» WHAT IS EXPECTED: Repeat the listing verbatim. Drop any pictures.

*** DATA SHOWN ***

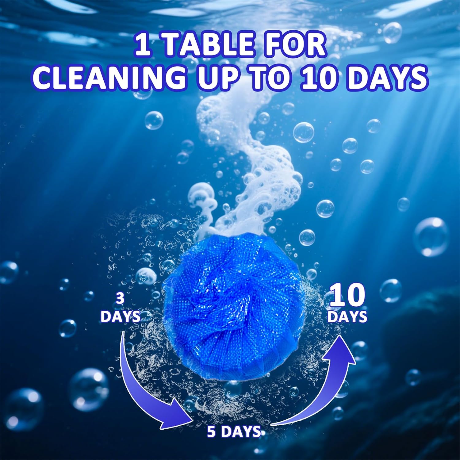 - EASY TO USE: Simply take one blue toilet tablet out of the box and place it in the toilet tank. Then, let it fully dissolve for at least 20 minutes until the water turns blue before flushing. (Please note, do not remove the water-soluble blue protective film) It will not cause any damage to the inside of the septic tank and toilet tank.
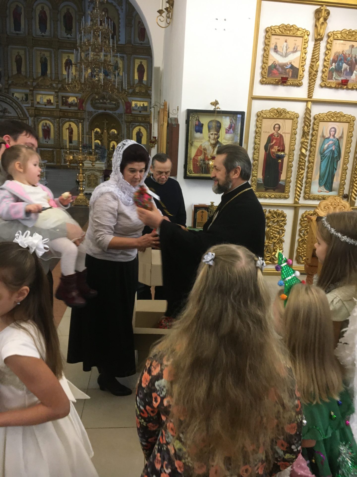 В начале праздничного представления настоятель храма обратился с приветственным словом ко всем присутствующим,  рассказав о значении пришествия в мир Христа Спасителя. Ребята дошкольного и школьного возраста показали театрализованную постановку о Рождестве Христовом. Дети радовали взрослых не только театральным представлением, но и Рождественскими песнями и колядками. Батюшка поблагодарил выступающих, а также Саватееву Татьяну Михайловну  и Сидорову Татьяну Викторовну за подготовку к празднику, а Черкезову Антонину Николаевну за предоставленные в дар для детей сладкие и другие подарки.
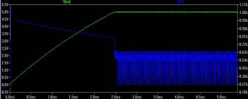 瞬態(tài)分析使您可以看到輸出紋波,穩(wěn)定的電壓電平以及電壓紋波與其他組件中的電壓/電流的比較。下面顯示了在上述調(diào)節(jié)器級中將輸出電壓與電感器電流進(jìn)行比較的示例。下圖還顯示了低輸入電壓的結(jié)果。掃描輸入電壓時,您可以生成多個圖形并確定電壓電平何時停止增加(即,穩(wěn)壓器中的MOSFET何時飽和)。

***

» OUTPUT BELOW:
 - EASY TO USE: Simply take one blue toilet tablet out of the box and place it in the toilet tank. Then, let it fully dissolve for at least 20 minutes until the water turns blue before flushing. (Please note, do not remove the water-soluble blue protective film) It will not cause any damage to the inside of the septic tank and toilet tank.
 В начале праздничного представления настоятель храма обратился с приветственным словом ко всем присутствующим,  рассказав о значении пришествия в мир Христа Спасителя. Ребята дошкольного и школьного возраста показали театрализованную постановку о Рождестве Христовом. Дети радовали взрослых не только театральным представлением, но и Рождественскими песнями и колядками. Батюшка поблагодарил выступающих, а также Саватееву Татьяну Михайловну  и Сидорову Татьяну Викторовну за подготовку к празднику, а Черкезову Антонину Николаевну за предоставленные в дар для детей сладкие и другие подарки.
 瞬態(tài)分析使您可以看到輸出紋波,穩(wěn)定的電壓電平以及電壓紋波與其他組件中的電壓/電流的比較。下面顯示了在上述調(diào)節(jié)器級中將輸出電壓與電感器電流進(jìn)行比較的示例。下圖還顯示了低輸入電壓的結(jié)果。掃描輸入電壓時,您可以生成多個圖形并確定電壓電平何時停止增加(即,穩(wěn)壓器中的MOSFET何時飽和)。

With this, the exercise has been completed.